Они преследовали нас довольно долго, примерно на протяжении двух миль, но
нам в конце концов удалось их остановить или, может быть, они решили, что
лучше не рисковать приближаться к нашему лагерю. Один из них меня поцарапал.
Ну, ему уже больше не стрелять. Я в него попал. Он плюхнулся на землю.
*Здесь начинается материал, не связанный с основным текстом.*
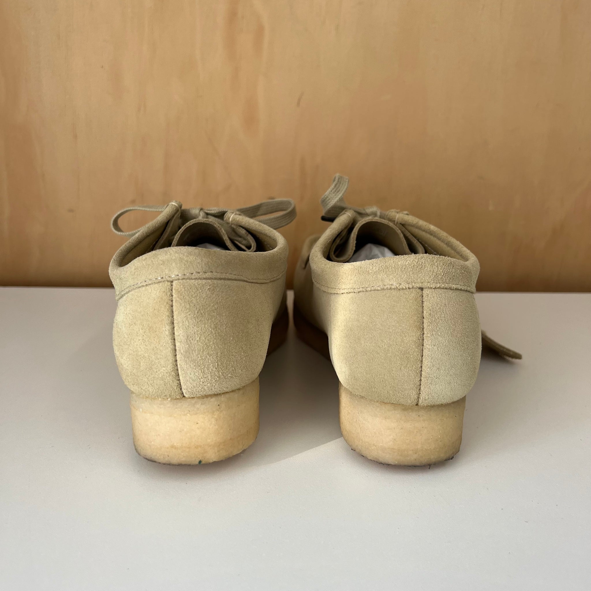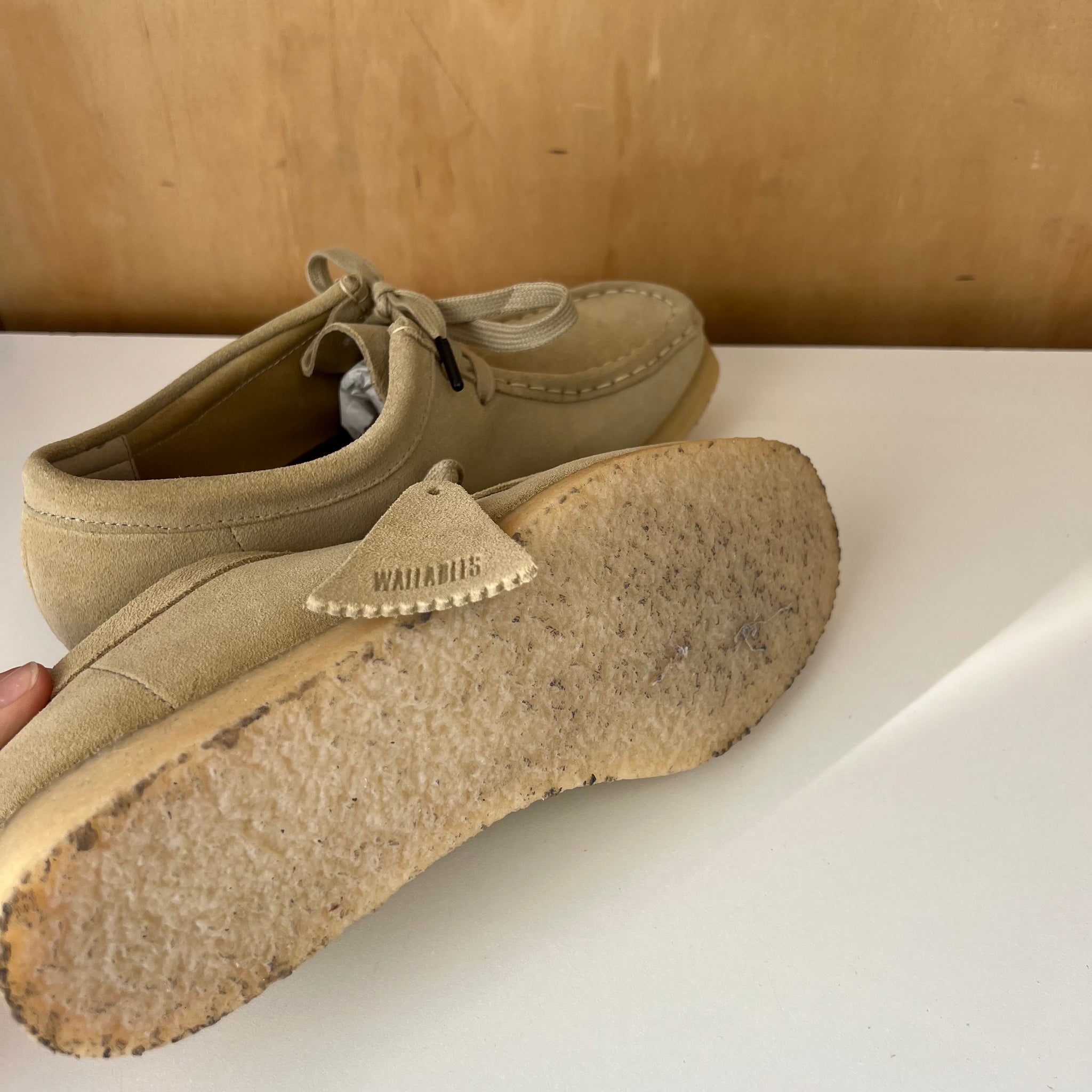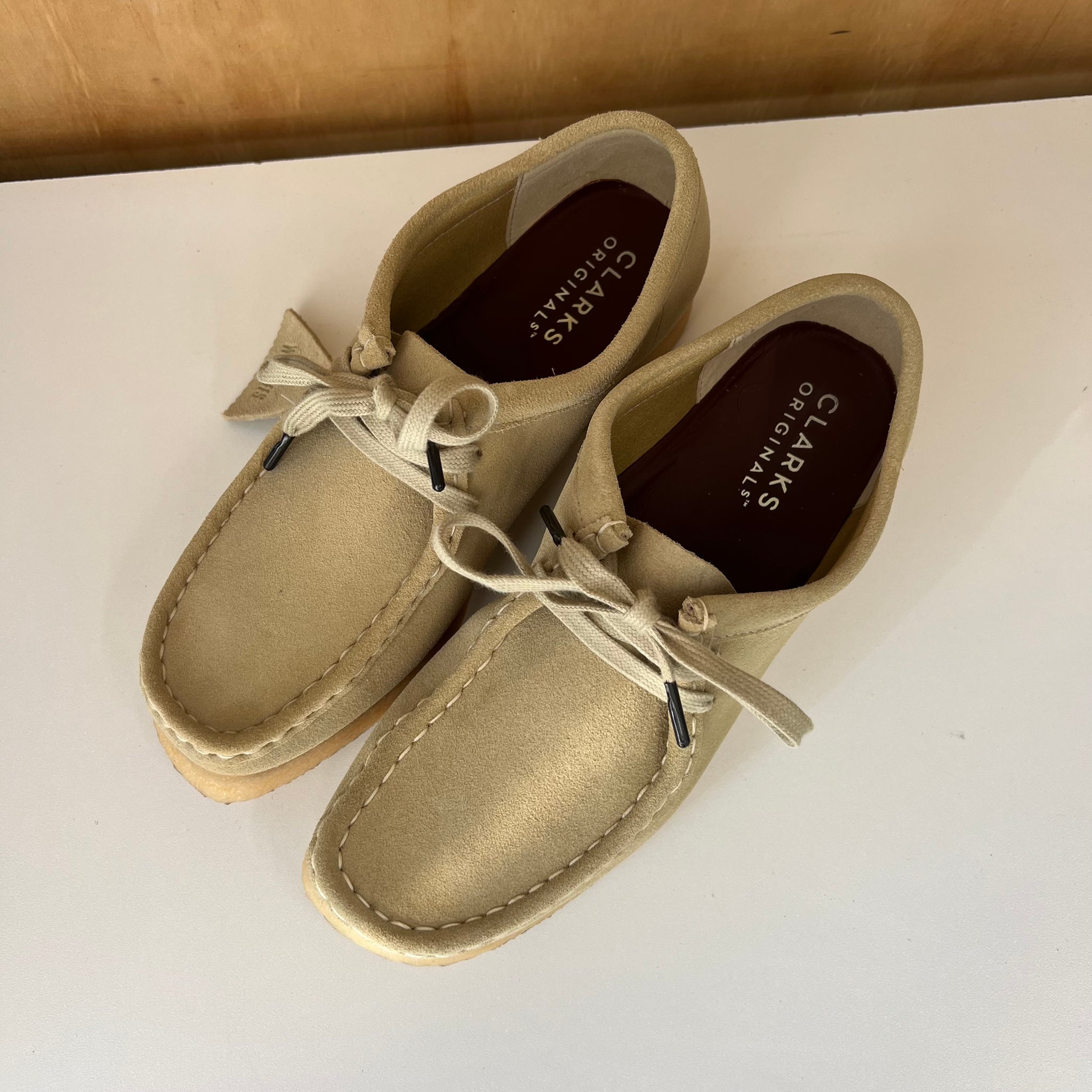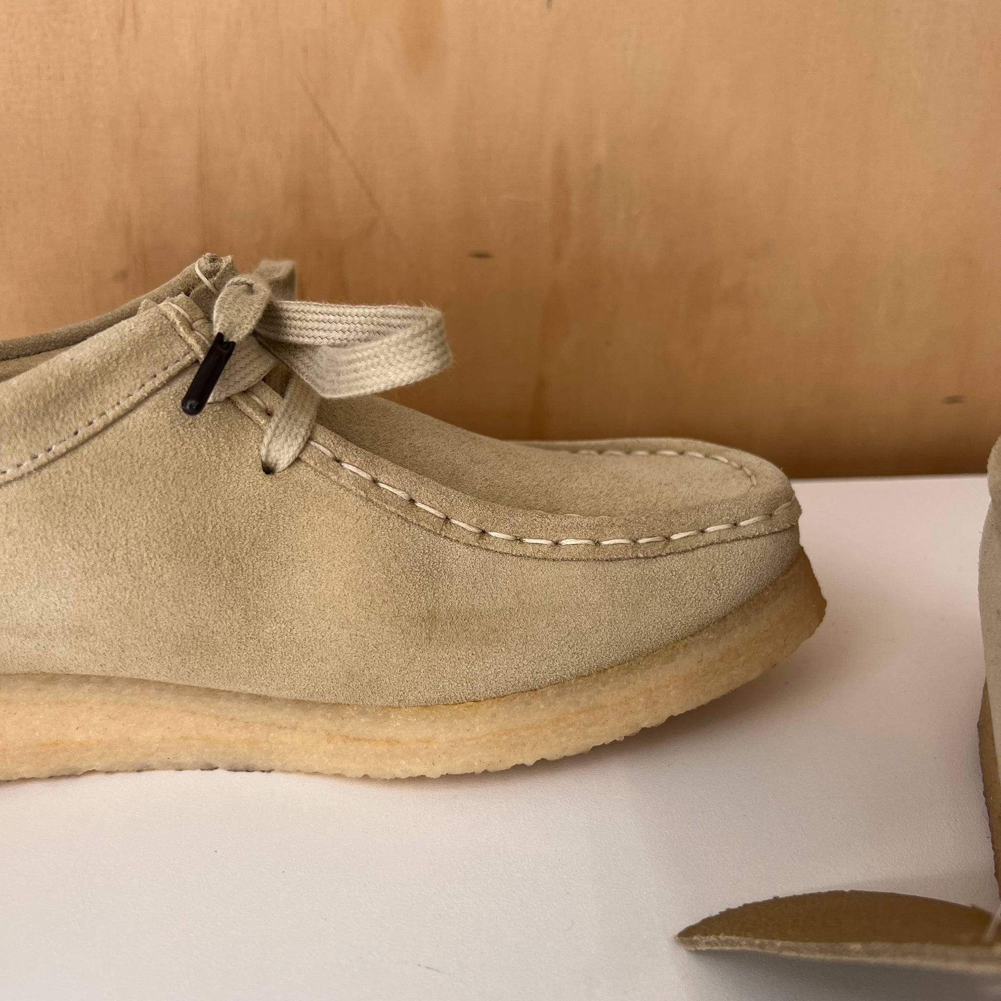 Chaussures en suédine de la marque Clarks modèle Wallabee. Icône classique de la collection Clarks Originals dans le monde entier grâce à sa coupe façon mocassin et à sa forme structurée. Affichant des lignes épurées et simples, ce modèle confortable à lacets a été réalisé à partir de daim couleur érable de Stead’s. Fabriquées en suède avec la technologie GORE-TEX® pour une respirabilité et une protection imperméable. Semelle épaisse Vibram® pour une adhérence optimale. D'une valeur de 200$.

Девушка? Они подстрелили ее лошадь, но я успел подхватить ее и посадил к
себе. После того я уже не мог пользоваться ружьем, не то я бы показал
результаты получше. Вот что я вам скажу - если бы не эти несчастные
оскальпированные трупы, валяющиеся там в прерии, я бы сказал, что получил
огромное удовольствие".
ГЛАВА XXI
НИКОГДА НЕ СМЕЕТСЯ УЕЗЖАЕТ НА ВОСТОК
Из-за того что нога у Эштона плохо сгибалась и болела, мы на несколько
дней отложили отъезд из лагеря. Один из пикуни, раненный в стычке, умер
ночью. Напавший на охотников отряд оказался ассинибойнским; он потерял в
общем семь человек; пикуни, преследовавшие ассинибойнов из нашего лагеря,
настигли и убили еще двоих отставших.
Нэтаки стала покровительницей и опекуншей сироты. У девочки были две
тетки, сестры убитой матери, но они вышли замуж за черноногих и жили далеко
на севере. В лагере пикуни у нее не осталось никаких родственников. Девочке
- робкой, тихой, тоненькой - было тринадцать или четырнадцать лет. Сейчас
она держалась еще тише, чей обычно, не разговаривала ни с кем, только
отвечала на все вопросы и большую часть времени потихоньку плакала. Женщина
Кроу подарила ей шаль.
Когда девочка вышла одетая в чистое ситцевое платье с аккуратно
заплетенными и перевязанными темно-красной лентой волосами, она понравилась
даже Эштону с его изысканным вкусом.
- Очень славненькая девушка! - заметил он, - бедняжка! Что с ней будет?